The subset of the data can be used to fit a simple model:
mod4 <- lm( wage ~ sex, data = small)
summary(mod4)
##
## Call:
## lm(formula = wage ~ sex, data = small)
##
## Residuals:
## 10 156 195
## 0.5 0.0 -0.5
##
## Coefficients:
## Estimate Std. Error t value Pr(>|t|)
## (Intercept) 4.500 0.500 9.000 0.0704 .

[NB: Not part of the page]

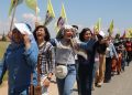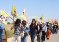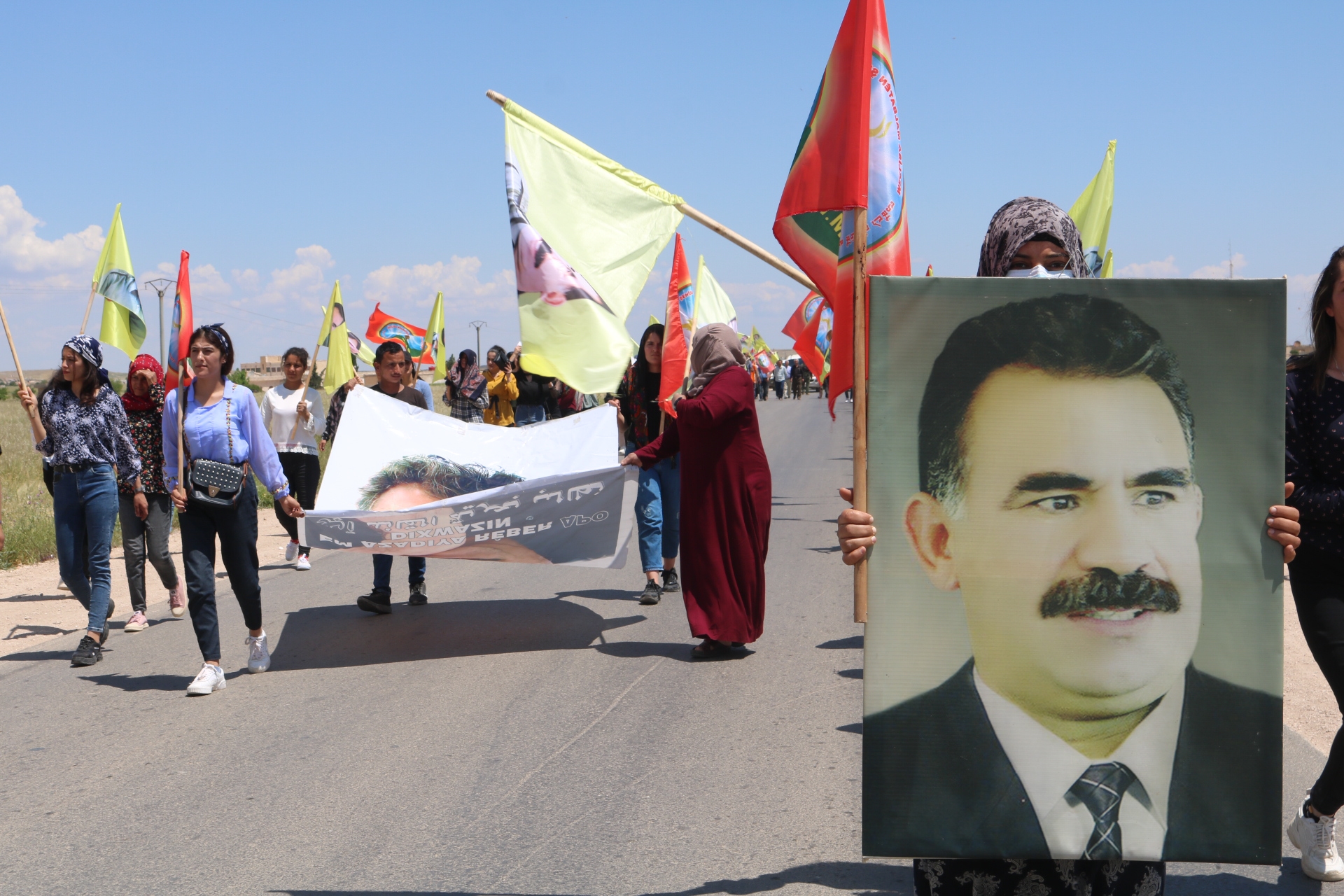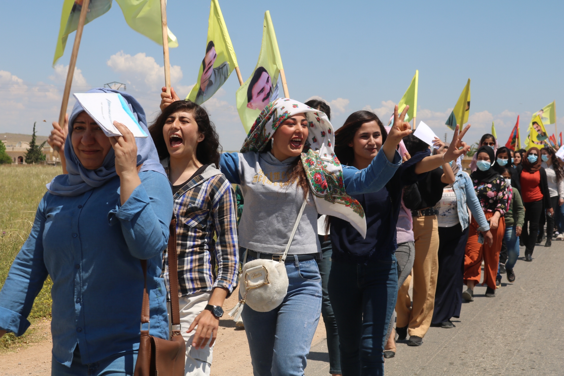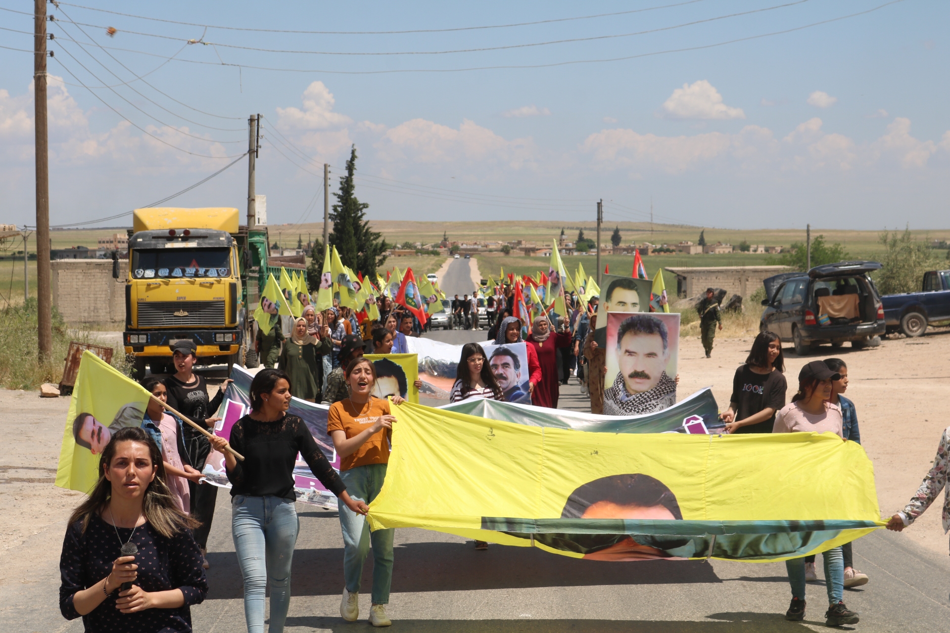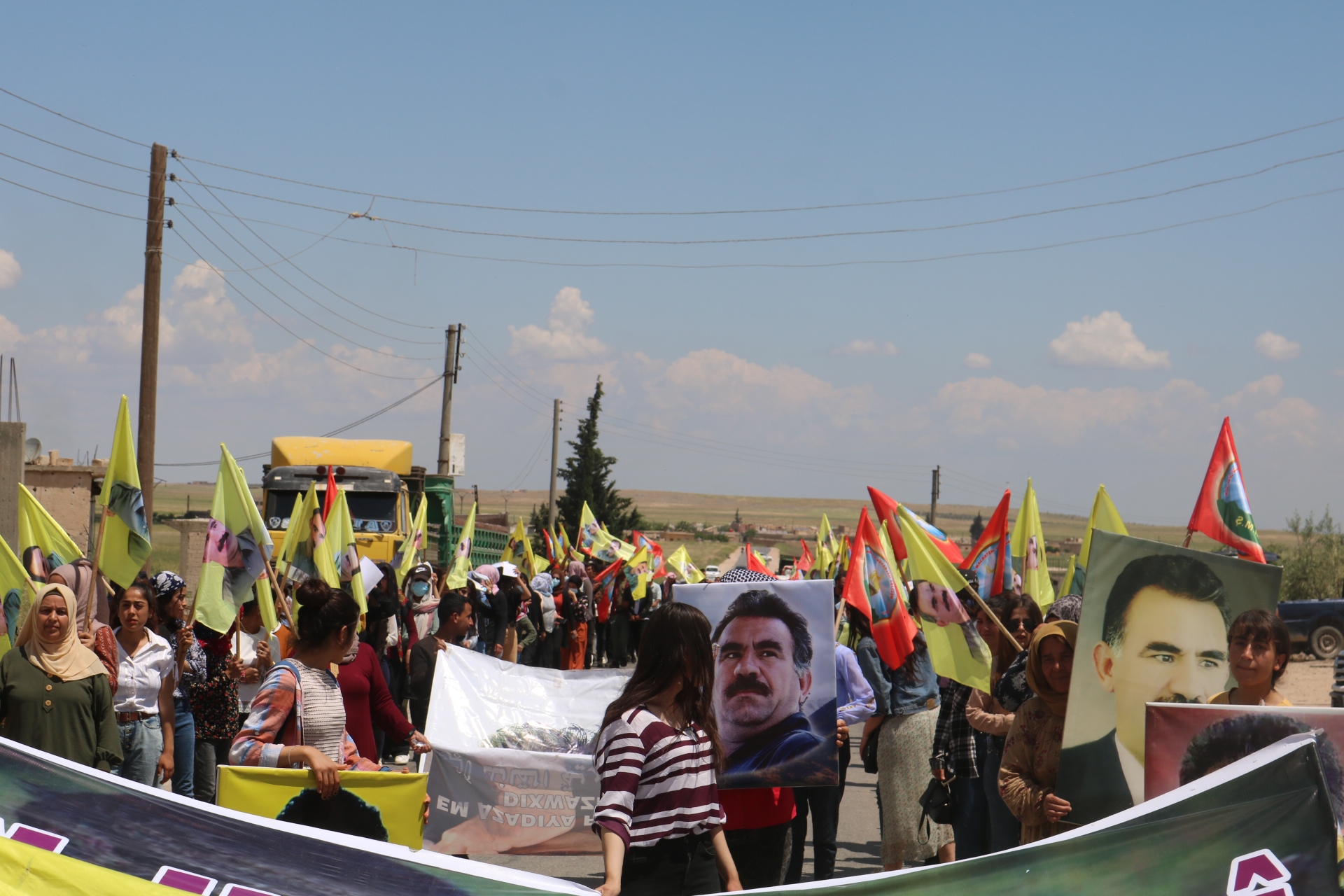 KOBANE – Yekîtiya jinên ciwan bi diruşmeya “Jin Jiyan Azadî Serbixe Azadî” çalakî lidar xist. Xwişk û zarokên şeḥîda bi pêşengtiya jinên ciwan Îro li Bajarê Kobanê li navçeya Çelebiyê. ji bo azadiya fizîkî ya RÊBER APO çalakî lidar xistin. bi dehan jinên ciwan beşdarî çalakiyê bûn. di meşê de diruşmeyê bê serok jiyan nabe hat berz kirin. di dawiyê de daxuyanî hat xwendin. bi sloganan çalakî dawî bû.

## sexM 4.500 0.866 5.196 0.1210
## ---
## Signif. codes: 0 '***' 0.001 '**' 0.01 '*' 0.05 '.' 0.1 ' ' 1
##
## Residual standard error: 0.7071 on 1 degrees of freedom
## Multiple R-squared: 0.9643, Adjusted R-squared: 0.9286
## F-statistic: 27 on 1 and 1 DF, p-value: 0.121
At first glance, there might seem to be nothing wrong with this approach and, indeed, for very large data sets it can be effective. In this case, however, there are only 3 cases that satisfy the various criteria: two women and one man.
table( small$sex )
##
## F M
## 2 1
So, the $4.50 difference between the sexes and wages depends entirely on the data from a single male! (Chapter @ref(“chap:confidence”) describes how to assess the precision of model coefficients. This one works out to be 4.50±11.00 — not at all precise.)